Such was the end of Pietro Urbano. Michelangelo was certainly unfortunate with his apprentices. One cannot help fancying he may have spoiled them by indulgence. Vasari, mentioning Pietro, calls him “a person of talent, but one who never took the pains to work.”
Frizzi brought the Christ Triumphant into its present state, patching up what “the lither lad” from Pistoja had boggled. Buonarroti, who was sincerely attached to Varj, and felt his artistic reputation now at stake, offered to make a new statue. But the magnanimous Roman gentleman replied that he was entirely satisfied with the one he had received. He regarded and esteemed it “as a thing of gold,” and, in refusing Michelangelo’s offer, added that “this proved his noble soul and generosity, inasmuch as, when he had already made what could not be surpassed and was incomparable, he still wanted to serve his friend better.” The price originally stipulated was paid, and Varj added an autograph testimonial, strongly affirming his contentment with the whole transaction.

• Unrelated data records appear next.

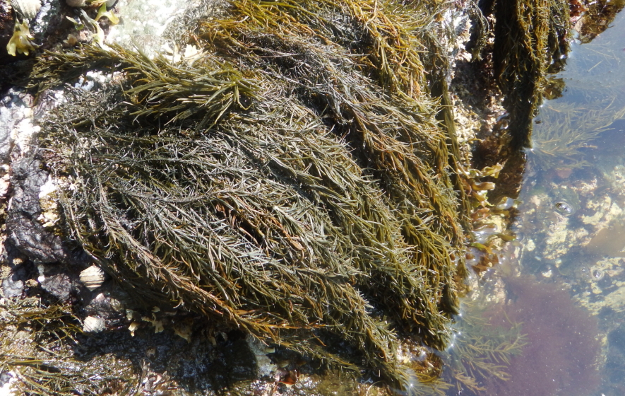カラフト・北海道以南より三陸沿岸、千葉県犬吠埼まで分布。外洋の潮間帯の中層の岩上に生える。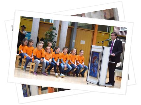 Es war eine durchwegs fröhliche Stimmung. Stellvertretender Landrat Tim Weidner erinnerte sich an seine eigene Schulzeit, Bürgermeister Manfred Walter präsentierte eine Glückskastanie und Schulleiterin Karin Zauchner räumte ein, sich während der zweijährigen Bauzeit als Lieferantin von Leberkässemmeln für die Bauarbeiter bewährt zu haben. Die oft störenden Bauarbeiten wiederum fassten die Buben und Mädchen der vierten Klassen in einem rhythmischen Anbau-Song zusammen. „Es ist alles wunderschön geworden“, schwärmte die Mama von Isabel Fischer. Die Schülerin der 4 d durfte gestern den Festakt mit einem Klaviersolo eröffnen. Die Festrede hielt Zauchner. Sie erinnerte an die Eröffnung der Grundschule Süd, wie sie ursprünglich hieß, im Jahr 2005. „Sehr schnell aber ist absehbar gewesen, dass unser neues Haus zu klein wird. Von 260 Schülern sind wir innerhalb der letzten zwölf Jahre auf 340 Schüler angewachsen“, sagte Zauchner. Ihrer Hartnäckigkeit war es zu verdanken, dass der Gemeinderat sehr schnell die Notwendigkeit erkannte und dem 4,3 Millionen teuren Projekt zustimmte. „Jetzt haben die Schüler sehr viel Platz, nicht nur Platz zum Lernen, sondern auch einen Platz, wo es sich leben lässt“, betonte der Rathauschef. Als gelungen bezeichnete Walter den Anbau, der nicht nur durch viel Holzelemente eine gemütliche Atmosphäre ausstrahlt, der sich zudem durch einen hellen Übergang optimal in den Altbau integriert. Künftig stehen den Schülern zwei Pausenhöfe zur Verfügung. Der ursprüngliche Platz, auf dem getobt und gespielt werden kann und neu der „Ruhe-Hof“, der zum Rückzug einlädt. Nur einen Steinwurf entfernt und in Sichtweite liegen die neue Montessori-Schule, das Kinderhaus, der Abenteuerspielplatz und die Kletterhalle. Ein Erziehungs- und Bildungs-Campus, der viele Möglichkeiten offenhält. „Werte, die wir heute an die junge Generation weitervermitteln, entscheiden darüber, wie die Gesellschaft von morgen aussieht“, sagte Walter. Für den kirchlichen Segen waren die Pfarrer Dorothea Bezzel (evangelisch) und Franz von Lüninck (katholisch) zuständig. Uli Singer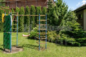 На участке дополнительная постройка для хранения садовой техники и др. Участок благоустроен, высажены туи, профессиональный газон, цветочные клумбы, оборудована детская площадка. Уличное освещение от датчика света.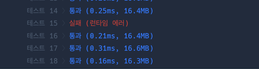 문제없이 정상적으로 올 패스 하는 듯 했으나, 테스트 15만 실패..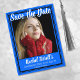 Send out this Blue and Black Save the Date Graduation Announcement Postcard to all your friends and family. Personalize with your favourite photo, name and party date. Show off your school spirit with this feminine announcement.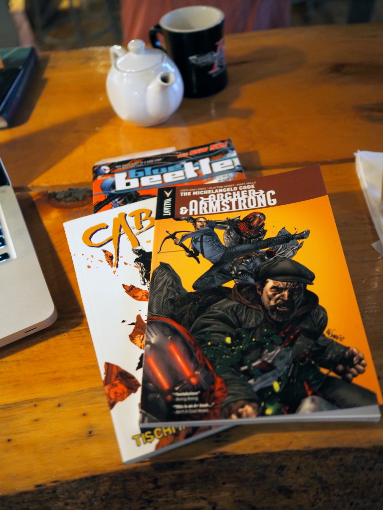Shawn has also been enjoying DC’s reboots of Justice League (really enjoying the banter between Batman and Green Lantern, and the “upping” of Aquaman’s abilities) and Blue Beetle (taking a classic DC character and making a neat, fun new take with a young Latino taking on the role of Blue Beetle).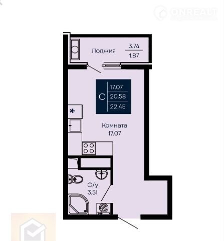 Общая площадь 22.5 м2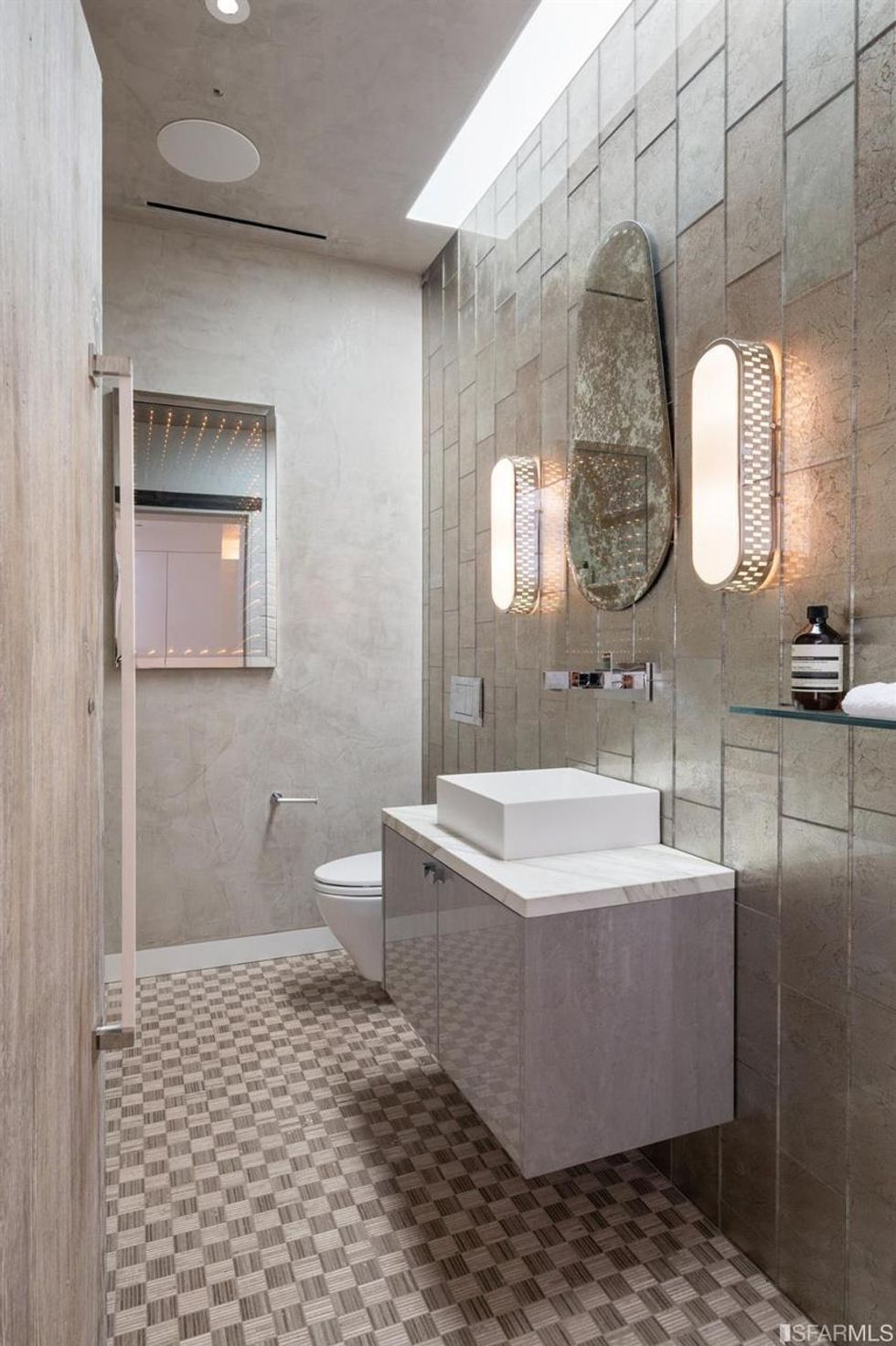 The nearby powder room is a glamorous experience of its own with a floating vanity and a backsplash wall tiled in antiqued mirror.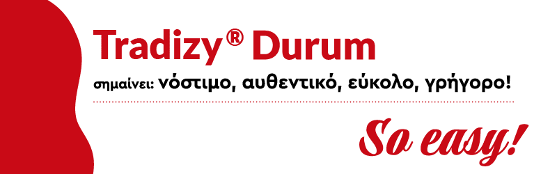 Το Tradizy® Durum είναι προϊόν όλα-σε-ένα, πολύ εύκολο στη χρήση για αρτοποιούς που ξεκινούν με προζύμι ή για εκείνους που θέλουν να εξοικονομήσουν χρόνο. Τώρα, μπορείτε να παράγετε ψωμιά με προζύμι σταθερής ποιότητας, εύκολα, γρήγορα, νόστιμα, αυθεντικά με απόλυτη ασφάλεια.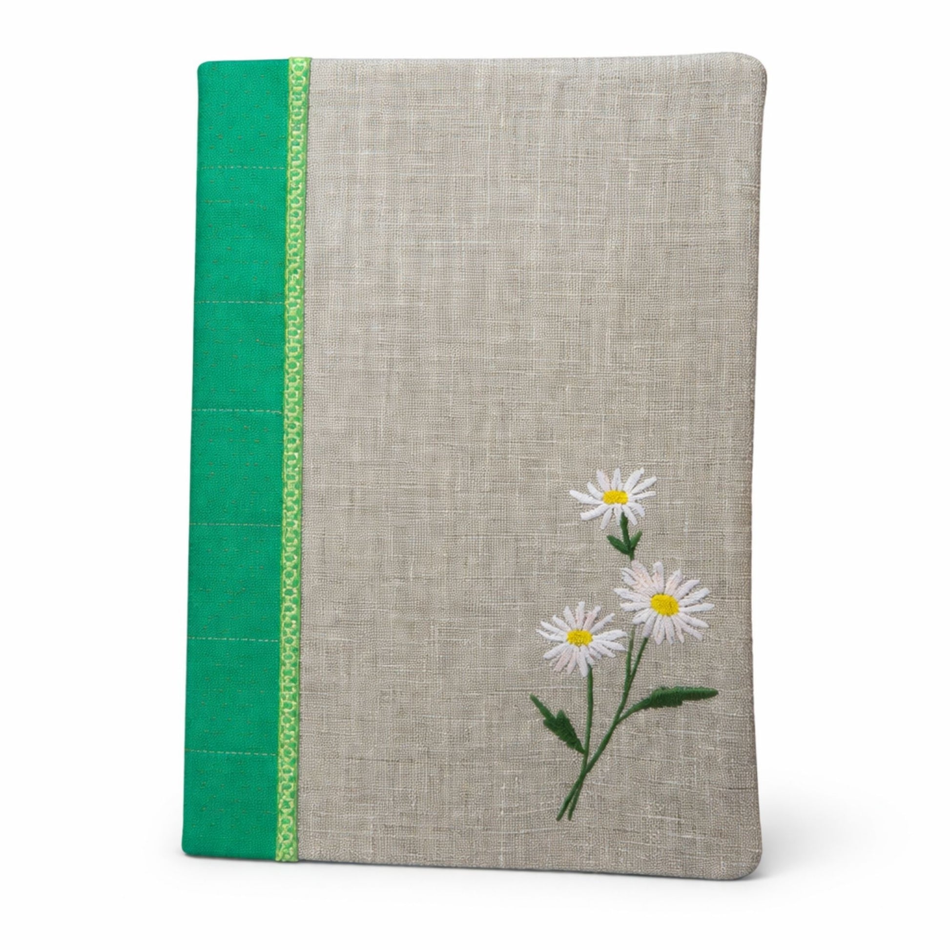 Brighten your stationery collection with this one-of-a-kind A5 notebook cover, featuring a delicate daisy design embroidered in white and yellow threads against a soft beige fabric background. The vibrant green spine panel adds a fresh, modern touch, making it a perfect blend of classic charm and contemporary style. Crafted entirely from high-quality rescued fabric off-cuts, this eco-conscious cover not only showcases sustainable craftsmanship but also ensures each piece is unique.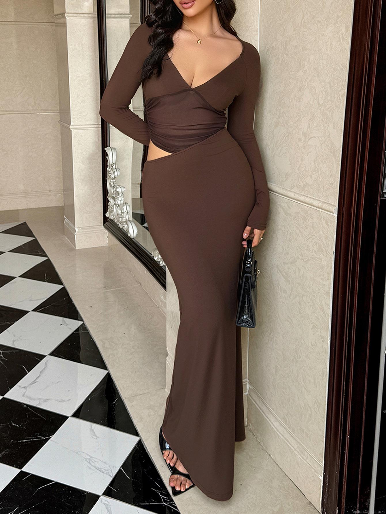 • Women's Y2K Sexy V Neck Long Sleeve Cut Out Maxi Dress Polyester Elastane Knit Ruched Slim Fit Bodycon Long Dress Set For Party Evening Autumn Winter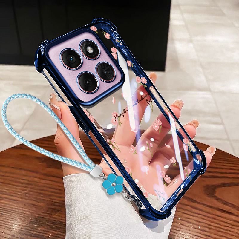 Capa VRQR Para Motorola Moto G56 G86 Flower Print De Telefone Transparente À Prova De Choque Com Corda De Flor

These details prove that the Christ of the Minerva must be regarded as a mutilated masterpiece. Michelangelo is certainly responsible for the general conception, the pose, and a large portion of the finished surface, details of which, especially in the knees, so much admired by Sebastiano, and in the robust arms, are magnificent. He designed the figure wholly nude, so that the heavy bronze drapery which now surrounds the loins, and bulges drooping from the left hip, breaks the intended harmony of lines. Yet, could this brawny man have ever suggested any distinctly religious idea? Christ, victor over Death and Hell, did not triumph by ponderosity and sinews. The spiritual nature of his conquest, the ideality of a divine soul disencumbered from the flesh, to which it once had stooped in love for sinful man, ought certainly to have been emphasised, if anywhere through art, in the statue of a Risen Christ. Substitute a scaling-ladder for the cross, and here we have a fine life-guardsman, stripped and posing for some classic battle-piece. We cannot quarrel with Michelangelo about the face and head. Those vulgarly handsome features, that beard, pomaded and curled by a barber’s ’prentice, betray no signs of his inspiration. Only in the arrangement of the hair, hyacinthine locks descending to the shoulders, do we recognise the touch of the divine sculptor.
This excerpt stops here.